Hillside Family of Agencies
- Company type: Human Services non-profit
- Founded: Rochester, New York (1836)
- Headquarters: Rochester, New York, U.S.
- Number of locations: New York and Maryland
- Key people: Maria Cristalli (President and CEO)
- Services: non-secure detention, residential treatment, day treatment education, foster care, emergency services, outpatient mental health services, and customized services
- Operating income: 131,483,251
- Number of employees: 2,298 (2011)
- Website: hillside.com

= Hillside Family of Agencies =

US non-profit organization

Hillside Family of Agencies is one of the oldest family and youth non-profit human services organizations in Western and Central New York, US. The agency started as Rochester Female Association for the Relief of Orphans and Destitute Children in 1837. The first year 46 children were served. The organization was renamed the Rochester Orphan Asylum in 1839, the organization constructed a larger facility in 1844 at Hubbell Park. In 1905 the group moved to the current Monroe Ave site. To reflect the shift from providing a home for orphans to caring for "dependent and neglected children," the Rochester Orphan Asylum changed its name in 1921 to Hillside Home for Children. Another name change came in 1940 when Hillside Children's Center was adopted and a goal set: "for every child, a fair chance for the development of a healthy personality".
During World War II Hillside Children's Center worked with Eastman Kodak to help the children of Kodak employees in England. Between 1940 and 1942, 156 British children were brought to the Rochester area by Kodak to safeguard them from the war in their home country. Hillside assisted in placing these "Kodakids," as they were called, with the families of local Kodak employees or in foster homes for the duration of the war.

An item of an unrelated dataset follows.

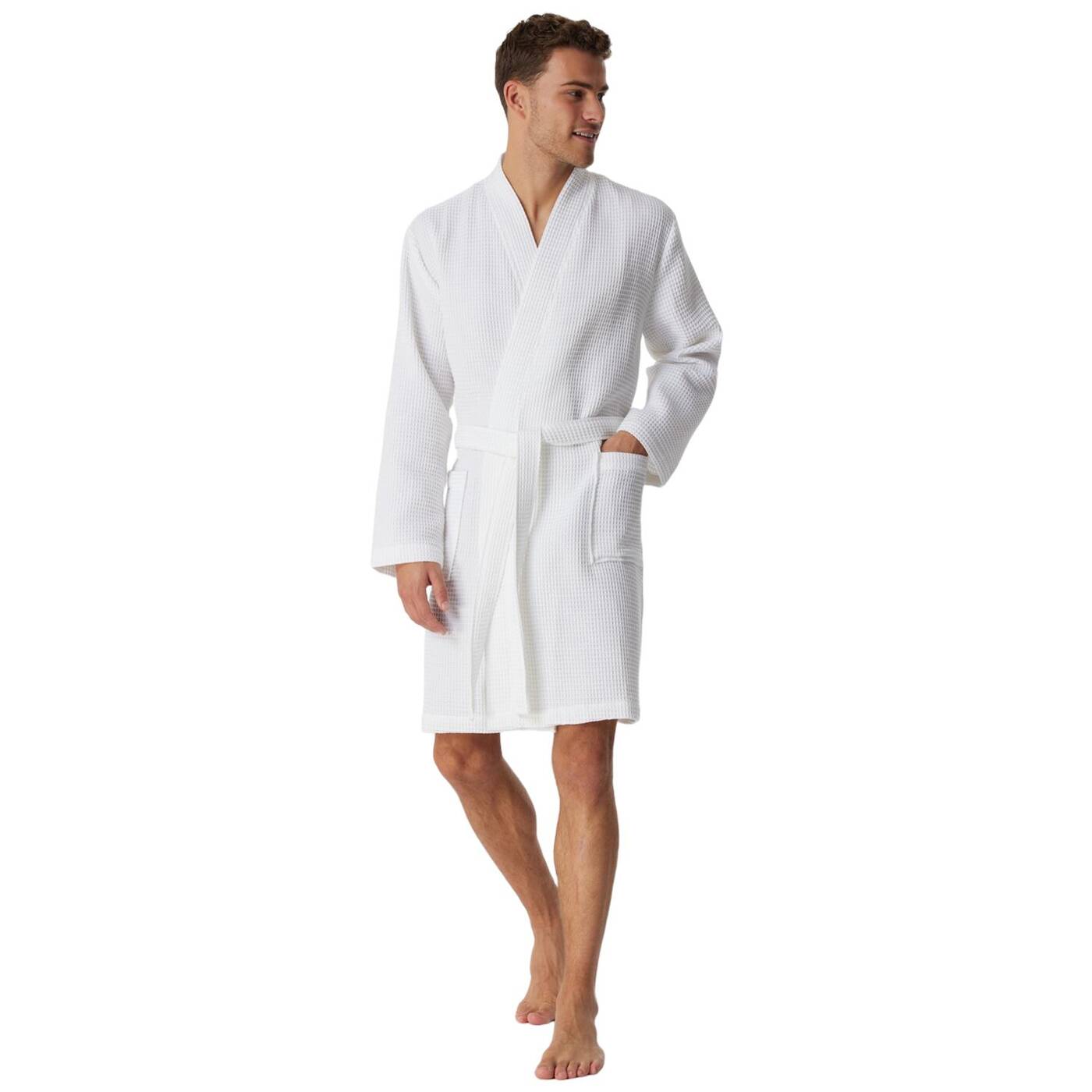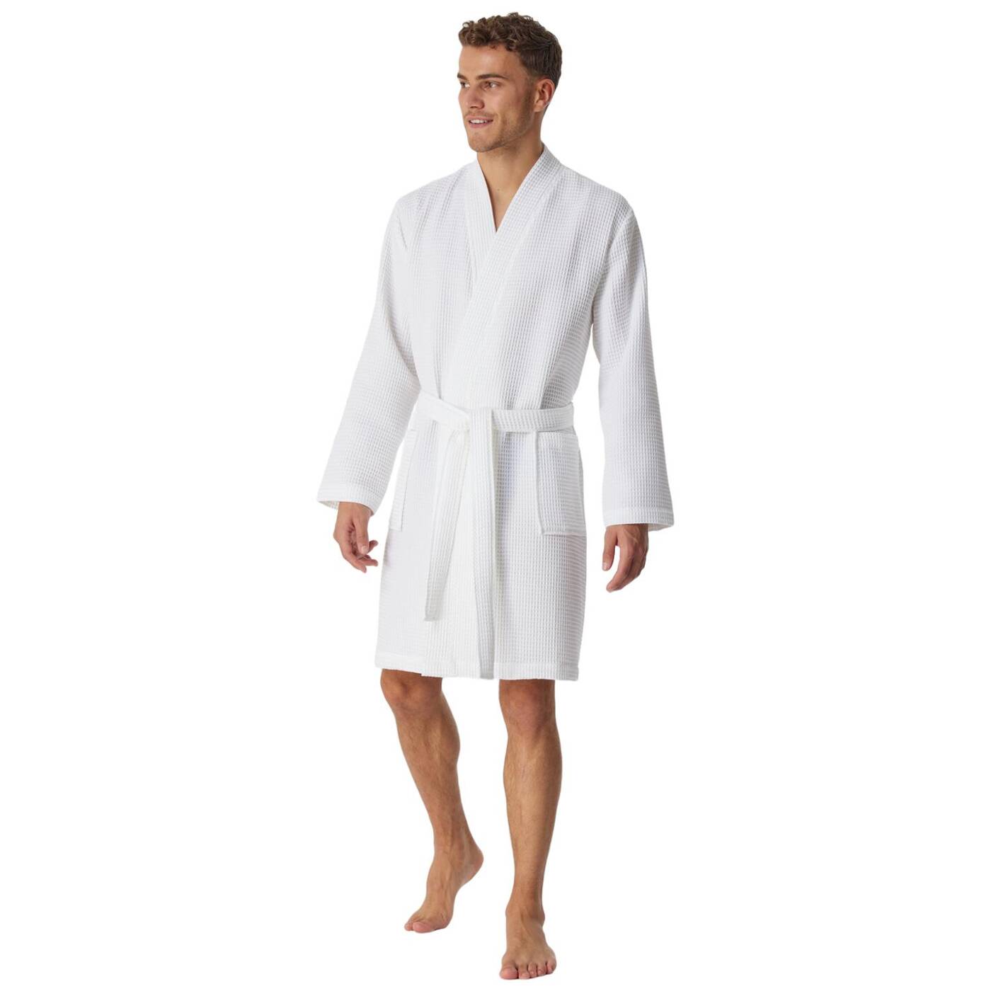 Dieser Herrenbademantel überzeugt durch ein elegantes Design und beste SCHIESSER-Qualität. 100% nachhaltige Baumwolle in Waffelpiqué-Optik, zwei Taschen und das Bindeband schenken dem Morgenmantel einen maskulin-edlen Look. Der Kimono-Schnitt rundet den Stil stimmig ab. Ein Klassiker, der in keinem Bad fehlen darf!

In 1965, Hillside broadened its mission to helping "dependent, neglected, learning disabled, emotionally disturbed, socially maladjusted, and delinquent" children. During the 1970s, Hillside Children's Center experienced great growth. The institution began its conversion to a residential treatment center and reopened its campus school, which had been closed since 1931. In 1996 a new parent organization, Hillside Behavioral Health System (HBHS), was formed in order to provide services more efficiently and effectively. Hillside Children's Center and Hillside Children's Foundation served as partner affiliates. In 1996 the Wegmans Work Scholarship Connection joined Hillside to become Hillside Work Scholarship. In 1999, Hillside Behavioral Health System added to its family when Crestwood Children's Center and Crestwood Children's Foundation affiliated with it. Hillside Family of Agencies was adopted as the system name in December 2000 to better represent the diversity of services provided by each affiliate. In 2004 Hillside absorbed Snell Farms Children's Center and Adoption Resource Network, Inc.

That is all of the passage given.